I can still remember when my friend Crystal called me one day and told me in an anxious tone, that there was a stand-off at the bottom of the hill. There were police cars everywhere and they were trying to convince a man who had apparently barricaded himself in his car, to give up his weapon. Apparently, at some point, for whatever reason known only to him, the man decided to take his own life.
I didn't know him, know anything about him, know how old he was, or know who he left behind. All I noticed is the amount of cards, gifts, and flowers that were left when he passed from this world to the next. What saddened me was that this man, this stranger to me, had probably felt that way about everyone else. He felt he had no way out, no place to go, no reason to live. But if only he had seen all of the love and all of the people who loved him, whom he left behind.

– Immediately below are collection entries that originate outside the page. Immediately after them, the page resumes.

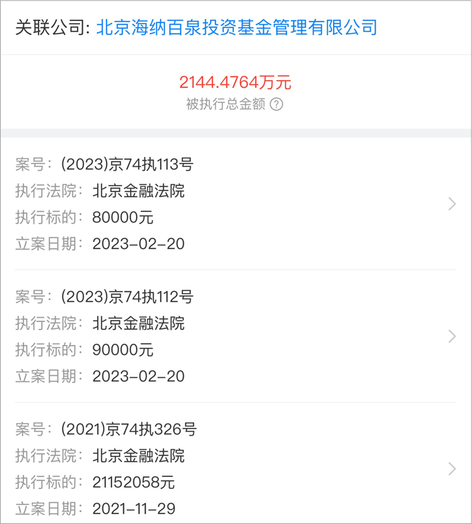 公开信息显示,今年3月7日,海纳百泉基金新增一则被执行人信息,被强制执行2144万余元;今年2月,海泉基金被北京金融法院分别执行8万元和9万元;2021年11年29日,海泉基金被执行标的2115万余元。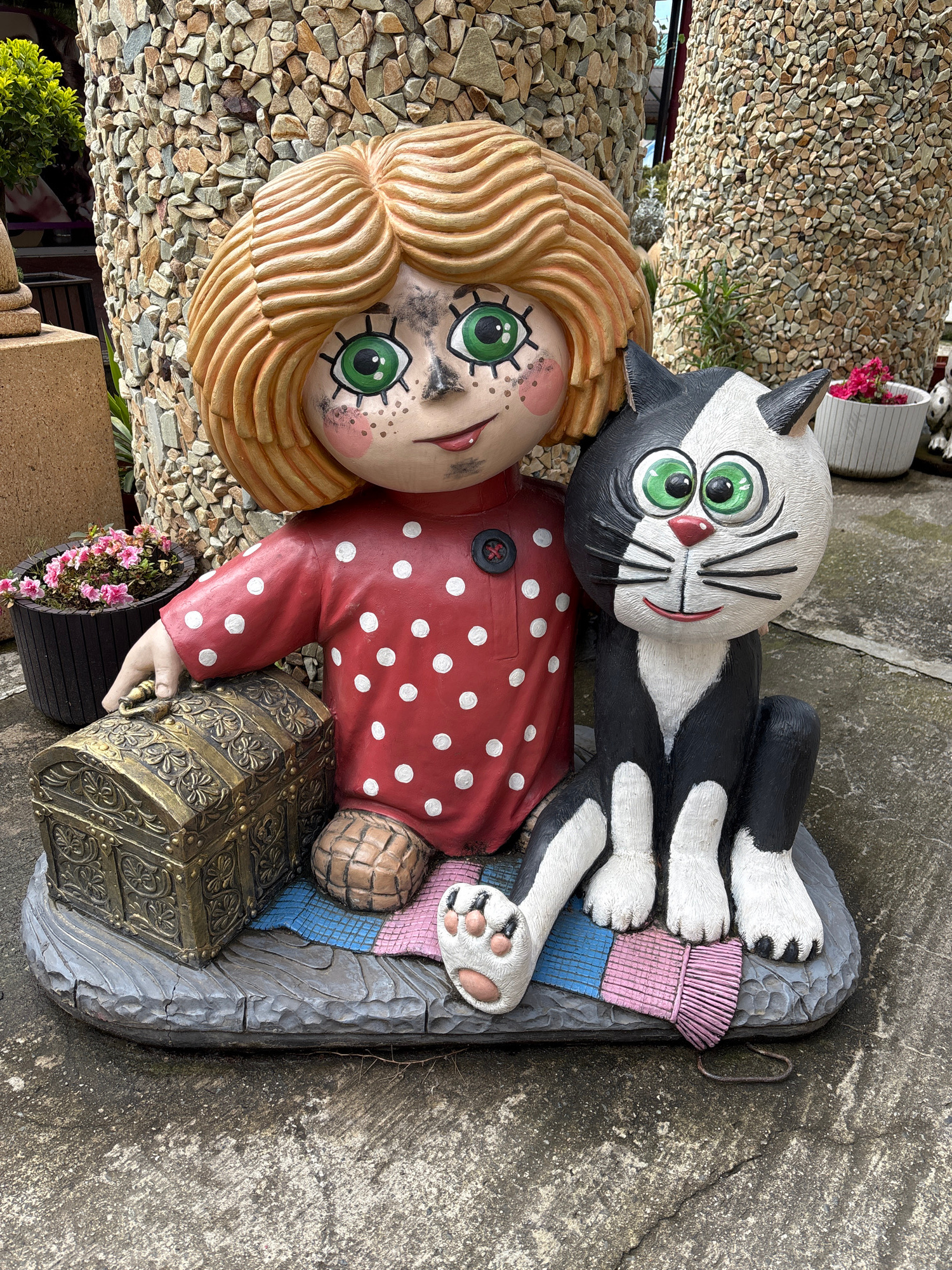 The image shows a garden statue featuring a blonde-haired doll wearing a red polka-dot shirt with a button, lying on its back. A black and white cat statue is lying on top of the doll. The cat is posi…read more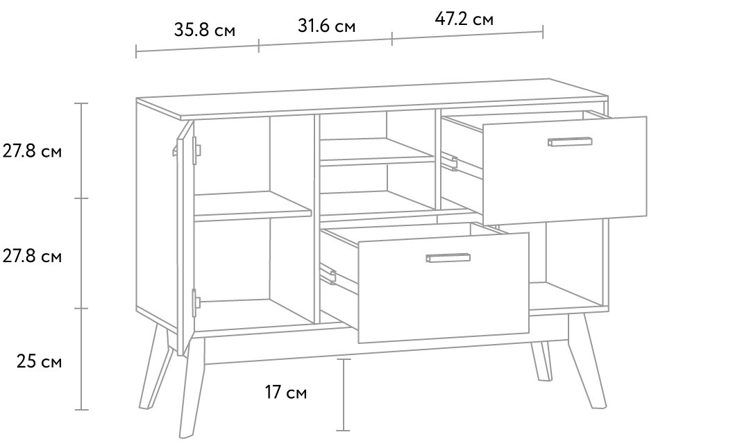 Қарапайым өлшемдерге қарамастан, "Нордик" өте кең. Дизайн екі тартпаны, бір бұралмалы және екі ашық бөлімді қамтиды. Оңай жұмыс істеу үшін қасбеттер тікбұрышты пішінді үстіңгі тұтқалармен жабдықталған.
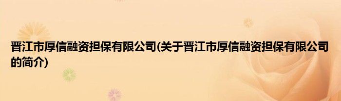本文关于晋江市厚信融资担保有限公司的简介就讲解完毕,希望对大家有所帮助。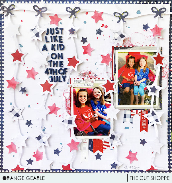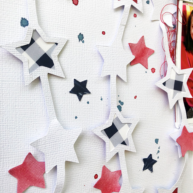 The Pinkfresh studio paper from their Office Hours collection had tons of circles on it -- so I punched them out as well using my 1, 1.5, and two inch paper punches. I also punched some tiny circles that I'm going to guess are 1/2 inch or smaller! I splattered some inks for pops of color, and then I sprinkled the circles across the page and added my flair! I mean you cannot have a circle layout without flair, right?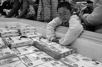 在张店华光路一家超市,一位小朋友在挑选水果味汤圆。 本报记者 王鸿哲 摄

What strikes me about that particular place is that, when you look out at that particular spot, you can see so much beauty. If you turn and look down the hill, you can't help but see the most amazing view of Saddleback Valley. It was as if he could not see the beauty, because he was trapped in his own prison of pain. If only he could see how much he must have meant to someone here that was perhaps waiting for him to return home, waiting for the man who would never arrive.
So I remind myself, each time I pass that spot, that each person is significant. Each life matters. Each person important in some way. Every life is important; he was important, even if he couldn't see it.
I don't know this person, or what he looked like, or what kind of life he led, but somehow, in some small measure, he has changed my life, and changed the way I look at things. Sometimes it's easy to become bitter and angry and tell yourself that things aren't that great. But one breath of life is always better (in my opinion) than death. The smell of freshly baked chocolate chip cookies, the sound of the rain as it falls on the rooftops, the feel of warm clothes upon my skin, the feel of someone's arms around you, giving you a real hug ... There are so many little things to be thankful for, and so many people who would miss you if you were gone.
Every person touches someone else's life in some way, whether or not we realize it. Each thing we do has an impact on another living thing. Don't for even a moment, underestimate yourself or the ultimate power you have in this life. Enjoy every single minute of it. Enjoy your time with other people, for one day they will be gone. Enjoy your life, because it is never insignificant.